## Using Bulkrax *CRC1280 folder parser* to do imports
### Prepare the data
The Bulkrax *CRC1280 folder parser* expects the CRC1280 data to follow a very specific pattern, starting from a folder path within which is the group/experiment/subject/session/modality
The text file shows an example import_data tree [import_data.txt](/system/development-notes/import_data.txt)
Copy the directory to be imported within `CRC_FOLDER_IMPORT_PATH` (the import data directory that is mounted onto the web and workers container as explained below), so it's available to the importer.
*Note for developers / system administrators*
* The location of the test data folder in the host machine (from where you will be running docker) will need to be added to the [.env file](https://gitlab.ruhr-uni-bochum.de/researchdata/rdms/-/blob/develop/.env.template#L90).
* The environment variable is `CRC_FOLDER_IMPORT_PATH`.
* This is mapped to the path `/rub-test-data` in the container in docker (as defined in the [docker-compose.yml](https://gitlab.ruhr-uni-bochum.de/researchdata/rdms/-/blob/develop/docker-compose.yml#L99))
ℹ After changing the contents of the `.env` file, stop the containers and start them again (updated values only apply after restarting the containers):
```shell
$ docker compose -f docker-compose.yml down
$ docker compose -f docker-compose.yml up -d
```
#### Import RUB s3 test data of CRC1280
1. rclone mount s3 bucket (ceph) with test data
`rclone mount --daemon s3-rdms-test:fowi-rdms-testbucket/20220425_Test_GroupData /root/rdms.develop/hyrax/rub-test-data/20220425_Test_GroupData/`
⚠️ For reasons not yet fully understood, the `rclone mount` process used to mount the S3 bucket into the bulk importer directory must be run as `root`, even if the RDMS containers are started by a non-root user. We suspect that this is a limitation of the kernel's `fuse` module, and that the `rclone mount` process must be run under the same UID as the importer processes inside the docker containers (which run as root, too).

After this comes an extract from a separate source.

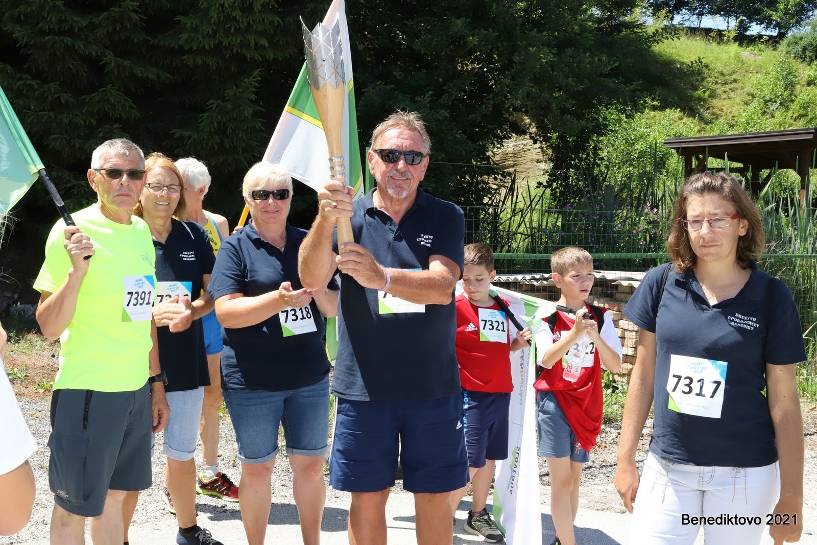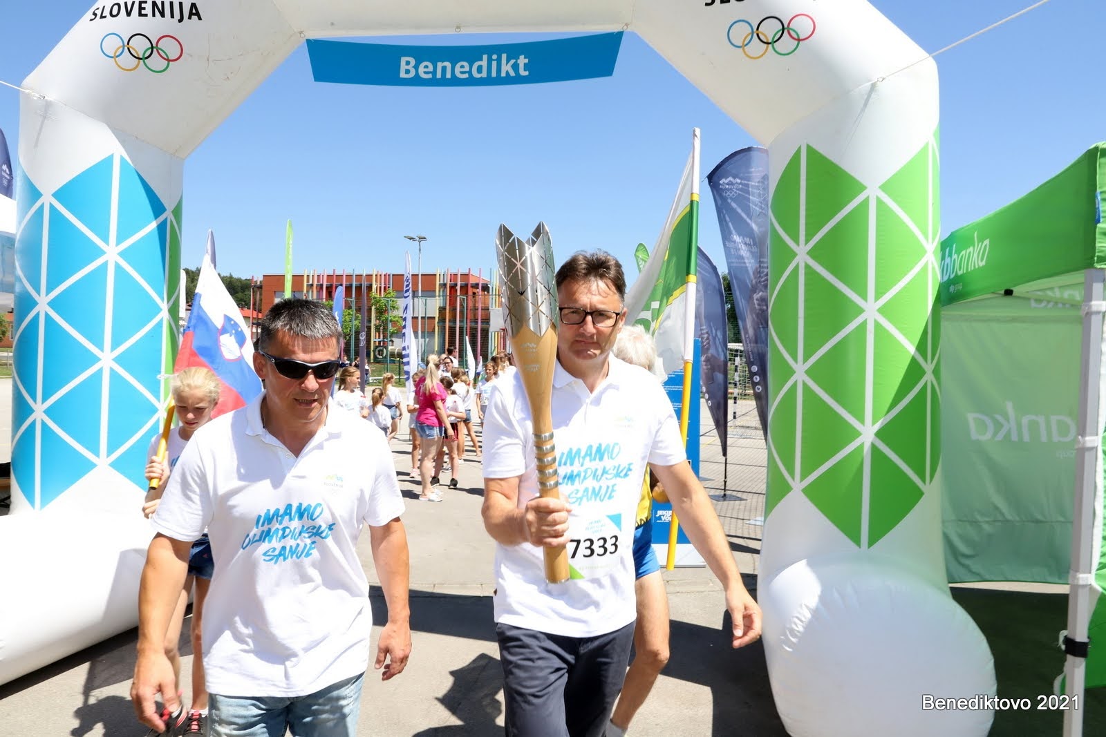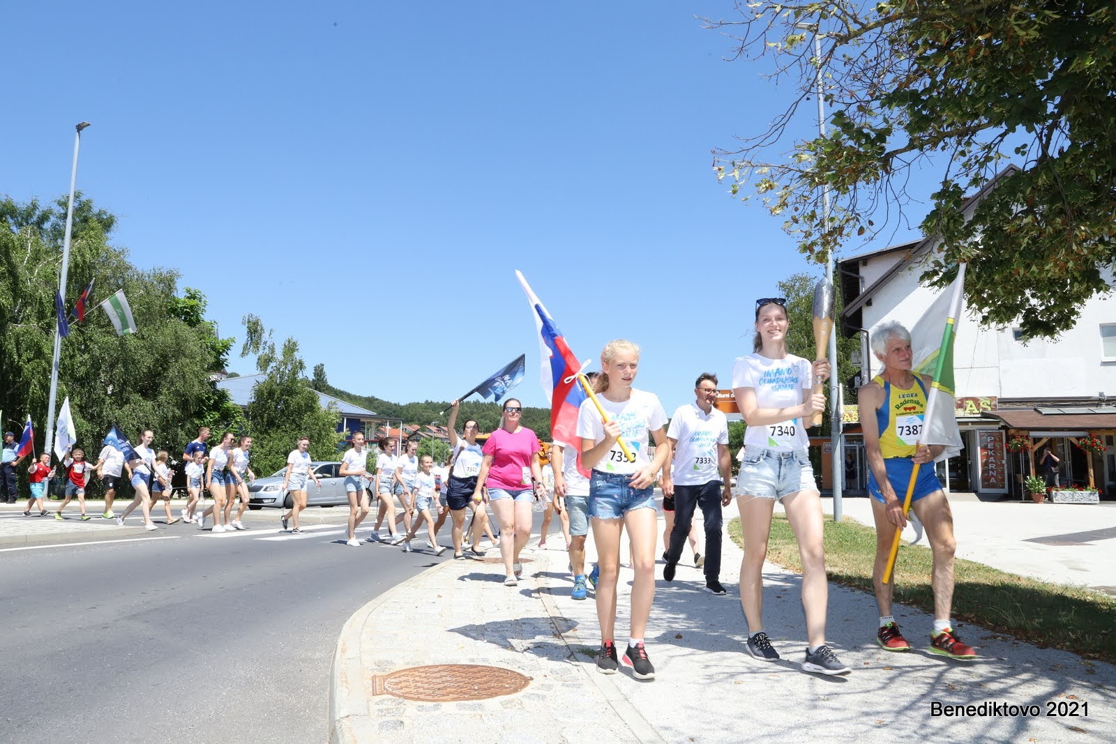 Še dobro, da naslednja postaja – Benedikt ni daleč, bi lahko dejali za poln želodec. Tam so Slovensko baklo na igrišču pred športno dvorano znova pričakale mažoretke z ubrano koračnico. Zbrane je nagovoril župan Milan Repič ter prvi podpredsednik OKS-ZŠZ mag. Janez Sodržnik. Na krožno pot so se kot prve podale članice Mažoretnega in twirling kluba Benedikt. Ognjeno štafeto so pred gotskim biserom – cerkvijo Svetih Treh Kraljev v Slovenskih goricah prevzeli mladi upi iz Kluba malega nogometa nato so za plamenico poskrbeli člani Odbojkarskega kluba, čast zadnjih pa je pripadla Društvu upokojencev Benedikt, ki so ognjeno štafeto prinesli na igrišče, kjer se je krog tudi sklenil.

### Steps to run an import
1. Log into RDMS as an administrator.
2. On the dashboard you should see the options Importers and Exporters. Click on Importers.
There is one job you cannot monitor from the importer dashboard. It is the job scheduled to run after all of the collections, works and filesets have been imported. It is the job to create relationships between the collections, works and filesets. If this is not t=run, the uploaded files will not be associated to the filesets.
The importer first creates a csv file for the folder to be imported. This is then imported with a customised csv importer.
The csv files are stored at `rdms/hyrax/tmp/imports/`, where `rdms` is the root of the source directory checked out and from where the `workers` docker container is running.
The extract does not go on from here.